For this tutorial, we will run an evaluation with the Correctness scorer. Our dataset format is compatible with it.

import json

import mlflow
from mlflow.genai.datasets import create_dataset
from mlflow.genai.scorers import Correctness

from agents import Agent, Runner


def load_jsonl(path: str) -> list[dict]:
    with open(path, "r", encoding="utf-8") as f:
        return [json.loads(line) for line in f]


agent = Agent(name="TutorialAgent", instructions="Act as a helpful assistant.")


def predict_fn(
    messages: list[dict],
    tools: list[str] | None = None,
    metadata: dict | None = None,
) -> dict:
    result = Runner.run_sync(agent, messages)
    return {"response": str(result.final_output)}


if __name__ == "__main__":
    mlflow.set_tracking_uri("http://127.0.0.1:5000")
    mlflow.set_experiment("morgana-bench-tutorial")

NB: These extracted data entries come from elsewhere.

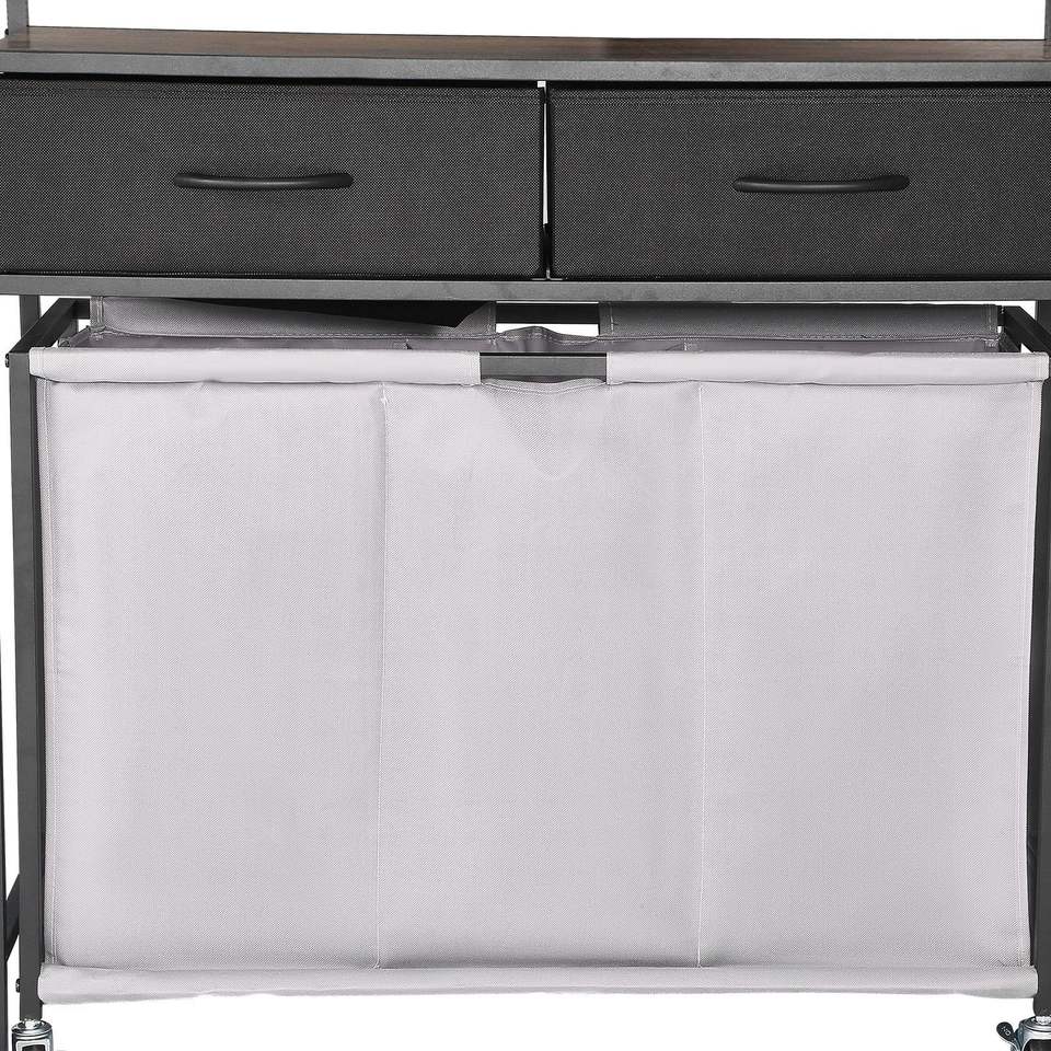 3-Section Rolling Laundry Sorter with 2 Drawers and Hooks Wheels Pull-Out Basket Organizer Storage Rolling Hamper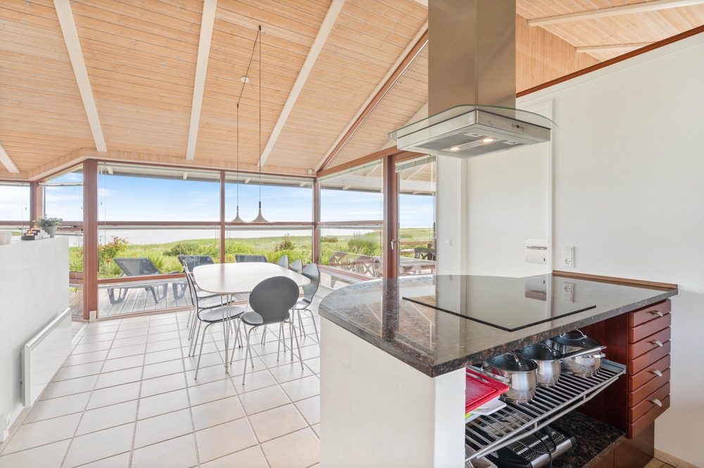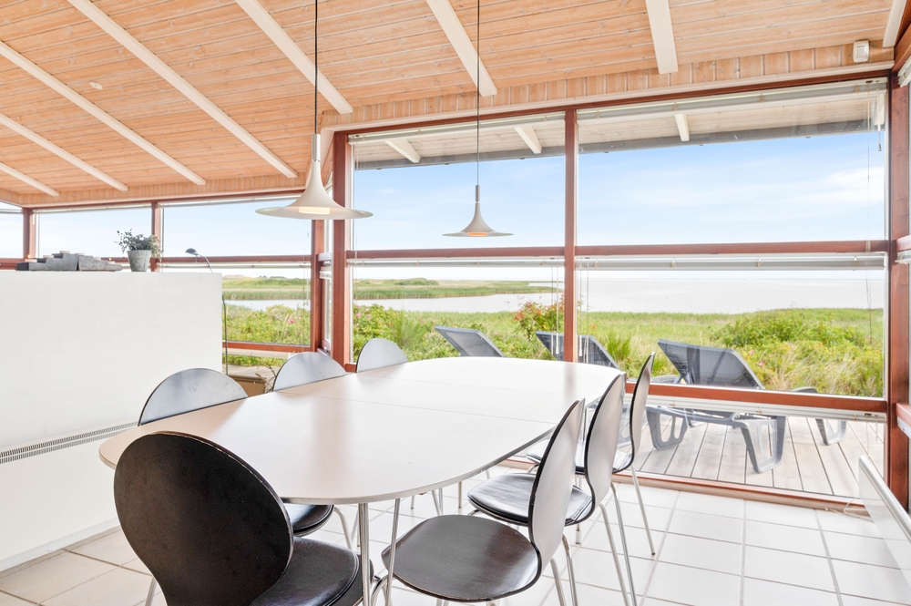 Da das Ferienhaus direkt am Ringkøbing Fjord liegt, könnt ihr euch auf der großen Terrasse morgens mit einer Tasse Kaffee den Sonnenaufgang anschauen und so gut in den Tag starten. Auch vom Wohnbereich habt ihr einen tollen Fjordblick und könnt diesen deshalb auch bei schlechtem Wetter genießen.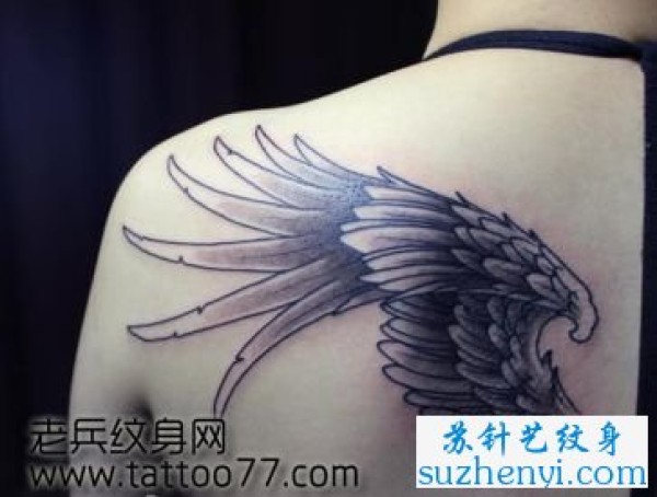时尚的肩部翅膀纹身图案图片_翅膀纹身图案大全_纹身图吧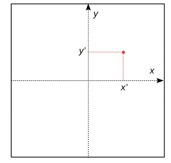 The formula in the y-axis will be analogous. In Dependence (20) and the analogous formula for the y-axis, all their components can be determined except for u(x′) and u(y′), i.e., the uncertainty of the standard measurement of the object position on the image sensor in the x and y axes, the designation of which is the purpose of this article.

    benchmark = load_jsonl("docs/examples/example-benchmark.jsonl")

    dataset = create_dataset(
        name="morgana_benchmark_tutorial_v1",
        experiment_id=["0"],  # default experiment; adjust as needed
    )
    dataset.merge_records(benchmark)

    mlflow.genai.evaluate(
        data=dataset,
        predict_fn=predict_fn,
        scorers=[Correctness()],
    )

At this point, the following artifacts are available:

  • a versioned dataset in MLflow (enabling consistent re-runs of evaluations), and

  • an evaluation run that stores the agent outputs (as {"response": ...}).


3) Add tracing: modify predict_fn to emit a MorganaBench trace

MorganaBench’s outputs.trace is a list of structured events (tool calls, tool results, retrieval results). In the SDK these are discriminated by the event key (for example: "tool_call", "tool_result", "retriever").

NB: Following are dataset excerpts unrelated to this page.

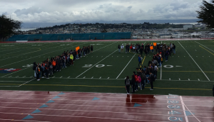 Students at Burton High School form the number 17 on the football field to commemorate the 17 people killed at Douglas High School in Parkland, Florida. Photo Credit: Asal Ehsanipour.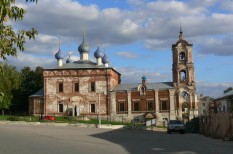 Традиционного рязанского вида, пятиглавая, колокольня низковата – и стоит под горой, на мой взгляд - явный промах архитектора, было бы здорово загнать её повыше, да хоть сбоку поставить…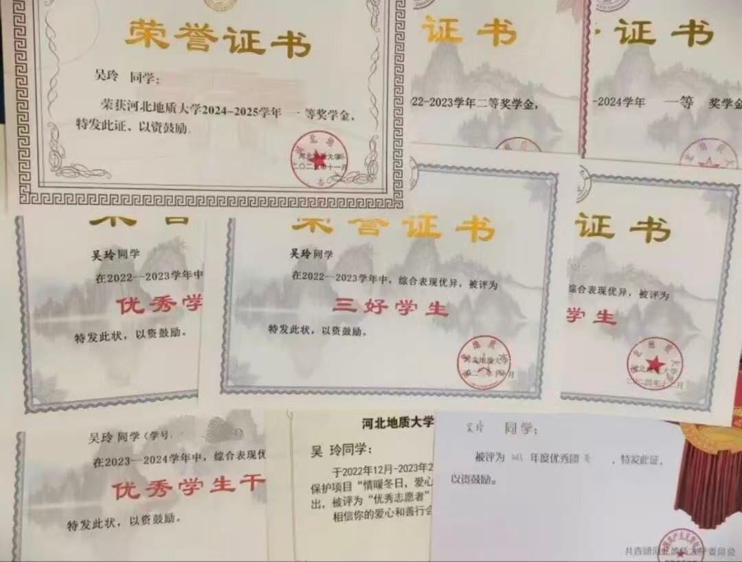 荣获2022-2023学年二等奖学金,2022-2023学年校优秀学生干部,2022-2023学年校三好学生,2023-2024学年校优秀学生干部,2023-2024学年校三好学生,2023-2024学年一等奖学金,2024-2025学年一等奖学金。获得优秀志愿者,年度优秀团员等称号。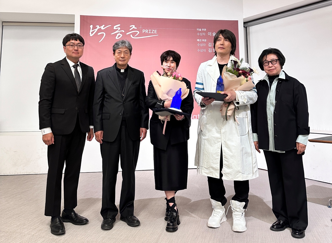 왼쪽부터) 유족대표 박중구 변호사, 천주교대구대교구 조환길 타대오 대주교님, 김민 디자이너, 김재우 디자이너, 이슬기 작가, 윤순영 이사장님

We will derive a trace from the OpenAI ADK runner’s streamed run items:

  • tool_call_item indicates that a tool was invoked and includes the call identifier and arguments.

  • tool_call_output_item provides the output value returned by the tool.

Trace-building predict_fn (from streamed run events)

This is an async predict_fn so that we can consume the streaming iterator. MLflow supports asynchronous predict functions.

import json

from agents import Agent, Runner


agent = Agent(name="TutorialAgent", instructions="Act as a helpful assistant.")


async def predict_fn(messages: list[dict]) -> dict:
    trace: list[dict] = []

    run = Runner.run_streamed(agent, messages)

    async for event in run.stream_events():
        if event.type != "run_item_stream_event":
            continue

        item = event.item

        match item.type:
            case "tool_call_item":
                raw = item.raw_item.model_dump(exclude_unset=True)
                params = json.loads(raw.get("arguments", "{}"))
                trace.append({
                    "event": "tool_call",
                    "id": raw["call_id"],
                    "tool": raw["name"],
                    "params": params,
                })
            case "tool_call_output_item":
                raw = item.raw_item.model_dump(exclude_unset=True)
                trace.append({
                        "event": "tool_result",
                        "id": raw["call_id"],
                        "result": item.output,
                })

    return {"response": str(run.final_output), "trace": trace}

What is included (and what is not)

  • Included: a consistent tool-call / tool-result sequence suitable for MorganaBench assertions such as “a tool was called” and “with these parameters”.

  • Not included automatically: "retriever" events and stable document IDs unless tool outputs carry that information (or a small post-processing step is added to convert tool outputs into retrieval events).

This tutorial provides an incremental path from “local JSONL runner” -> “MLflow dataset + evaluation run” -> “MorganaBench trace-enabled outputs”, all driven by an OpenAI ADK agent.